The Supreme Court has ordered former Vice President Joice Mujuru and her company, Ruzirun Investments to settle US$226 000 owed to farming equipment procuring company, Peppy Motors owned by Sabrina and Tony Sarpo.
Parties have been at loggerheads over the debt which has been outstanding since 2015.
Following a protracted legal battle, Mujuru was ordered to pay the debt by the High Court but failed to do so resulting in her property being attached.
She then successfully appealed against the High Court decision prompting Tony and Sabrina to appeal at the Supreme court.
According to court papers, sometime in 2012, the Sarpos obtained a loan from Steward Bank which they used to obtain various farming machinery.
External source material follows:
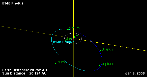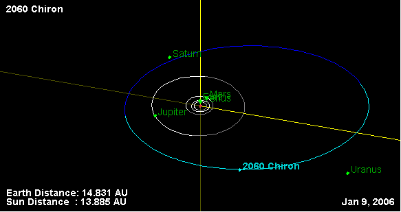 Drawings of the Centaurean orbits, showing how each relates to the other bodies of our solar system, and including the distance from the Centaurean body to the Earth, and the Sun. Orbital drawings show the bodies for January 2006. (All images calculated by this N.A.S.A. Minor Planet Orbit Plotter):

They sold the equipment to Mujuru's company and an agreement of sale was entered into on July 25, 2015.
Mujuru failed to honour the agreement and the couple issued summons under HC2954/18 for payment of outstanding amounts and interests.
Parties had entered into a deed of settlement on May 25, 2019 after Statutory Instrument 33 of 2019 had been gazetted.
Mujuru interpreted that the debt, though denominated in US$, could be paid in RTGS dollars.
First payment of ZW$76 000 was made on June 5 2019.
Four days later, Mujuru requested payment at interbank rate.Peppy Motors argued that parties entered into a consent order denominated in USD which at the time was legal tender.
The company also argued that payment was supposed to be at the prevailing interbank rate.
In their appeal they submitted that the court erred at law and grossly misdirected itself in finding that the Deed of Settlement entered into by the parties on 20 May 2019 and consent order granted on 20 May 2018 fell within the provisions of S.I. 33 of 2019 notwithstanding the deed of settlement and consent order having been entered and granted respectively after the effective date of S.I. 33 of 2019.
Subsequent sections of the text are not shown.